◆ Exercise requirements ◆
Reproduce the full listing as it stands. Images do not belong in the copy.

◆ Source data ◆
□ □ □ □ □ □ □
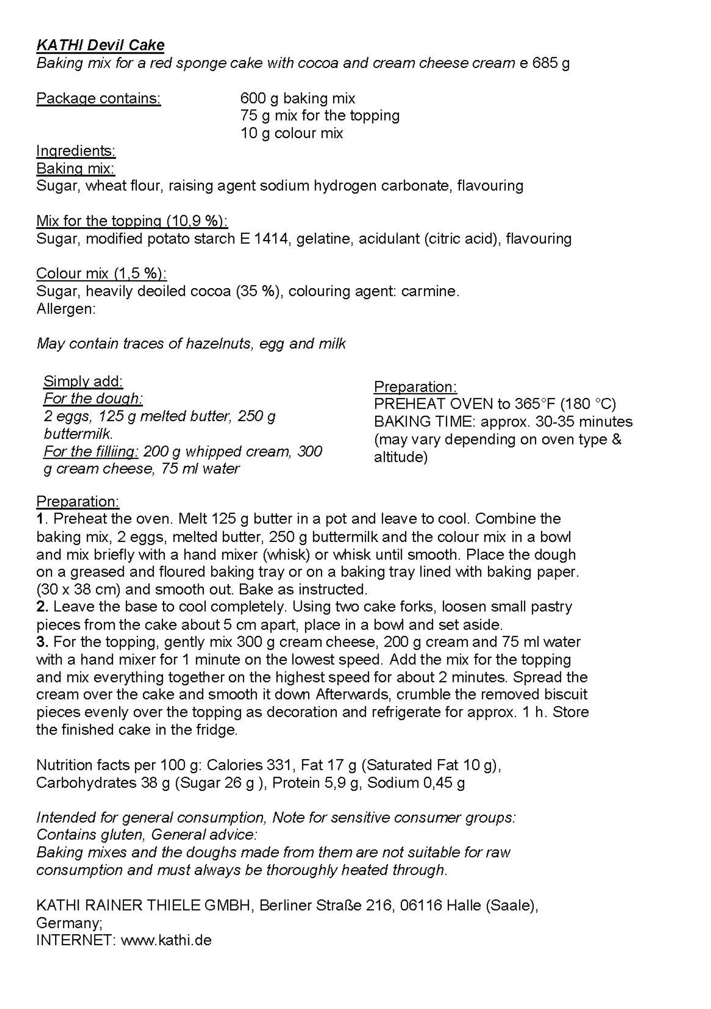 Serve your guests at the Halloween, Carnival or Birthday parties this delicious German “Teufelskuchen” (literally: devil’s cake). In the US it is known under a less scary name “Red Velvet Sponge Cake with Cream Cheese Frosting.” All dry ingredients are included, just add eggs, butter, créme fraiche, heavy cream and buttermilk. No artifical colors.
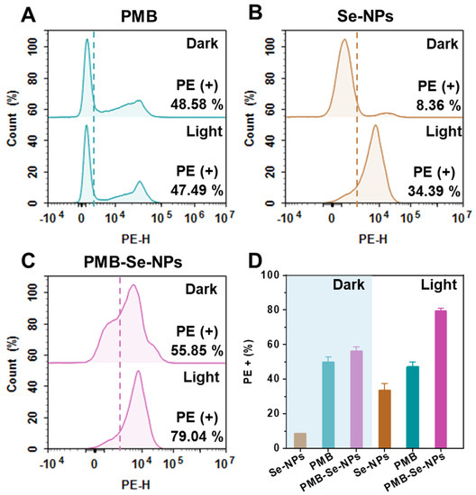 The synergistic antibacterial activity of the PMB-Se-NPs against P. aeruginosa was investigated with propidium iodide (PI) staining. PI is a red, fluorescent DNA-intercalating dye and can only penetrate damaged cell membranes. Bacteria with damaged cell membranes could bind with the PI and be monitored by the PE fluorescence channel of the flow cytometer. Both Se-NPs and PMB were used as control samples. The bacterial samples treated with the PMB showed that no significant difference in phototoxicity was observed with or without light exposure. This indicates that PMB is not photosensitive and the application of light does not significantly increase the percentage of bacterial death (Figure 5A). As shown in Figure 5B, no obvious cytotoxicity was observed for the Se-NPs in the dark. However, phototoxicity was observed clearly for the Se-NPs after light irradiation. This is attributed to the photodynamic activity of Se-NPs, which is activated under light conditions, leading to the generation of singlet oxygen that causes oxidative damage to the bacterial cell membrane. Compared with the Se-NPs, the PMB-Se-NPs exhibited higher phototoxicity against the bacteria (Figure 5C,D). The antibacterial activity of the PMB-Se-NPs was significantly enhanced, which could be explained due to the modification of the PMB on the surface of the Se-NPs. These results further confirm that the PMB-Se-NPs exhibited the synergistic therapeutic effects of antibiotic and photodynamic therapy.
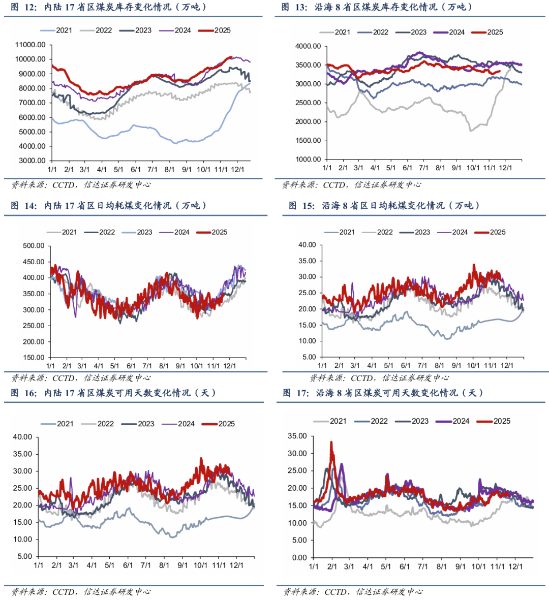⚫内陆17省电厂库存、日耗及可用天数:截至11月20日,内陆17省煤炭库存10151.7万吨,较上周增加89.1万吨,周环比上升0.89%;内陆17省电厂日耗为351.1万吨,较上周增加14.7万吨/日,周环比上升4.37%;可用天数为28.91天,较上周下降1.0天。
□ □ □ □ □ □ □
◆ Answer space ◆
 Serve your guests at the Halloween, Carnival or Birthday parties this delicious German “Teufelskuchen” (literally: devil’s cake). In the US it is known under a less scary name “Red Velvet Sponge Cake with Cream Cheese Frosting.” All dry ingredients are included, just add eggs, butter, créme fraiche, heavy cream and buttermilk. No artifical colors.
 The synergistic antibacterial activity of the PMB-Se-NPs against P. aeruginosa was investigated with propidium iodide (PI) staining. PI is a red, fluorescent DNA-intercalating dye and can only penetrate damaged cell membranes. Bacteria with damaged cell membranes could bind with the PI and be monitored by the PE fluorescence channel of the flow cytometer. Both Se-NPs and PMB were used as control samples. The bacterial samples treated with the PMB showed that no significant difference in phototoxicity was observed with or without light exposure. This indicates that PMB is not photosensitive and the application of light does not significantly increase the percentage of bacterial death (Figure 5A). As shown in Figure 5B, no obvious cytotoxicity was observed for the Se-NPs in the dark. However, phototoxicity was observed clearly for the Se-NPs after light irradiation. This is attributed to the photodynamic activity of Se-NPs, which is activated under light conditions, leading to the generation of singlet oxygen that causes oxidative damage to the bacterial cell membrane. Compared with the Se-NPs, the PMB-Se-NPs exhibited higher phototoxicity against the bacteria (Figure 5C,D). The antibacterial activity of the PMB-Se-NPs was significantly enhanced, which could be explained due to the modification of the PMB on the surface of the Se-NPs. These results further confirm that the PMB-Se-NPs exhibited the synergistic therapeutic effects of antibiotic and photodynamic therapy.
⚫内陆17省电厂库存、日耗及可用天数:截至11月20日,内陆17省煤炭库存10151.7万吨,较上周增加89.1万吨,周环比上升0.89%;内陆17省电厂日耗为351.1万吨,较上周增加14.7万吨/日,周环比上升4.37%;可用天数为28.91天,较上周下降1.0天。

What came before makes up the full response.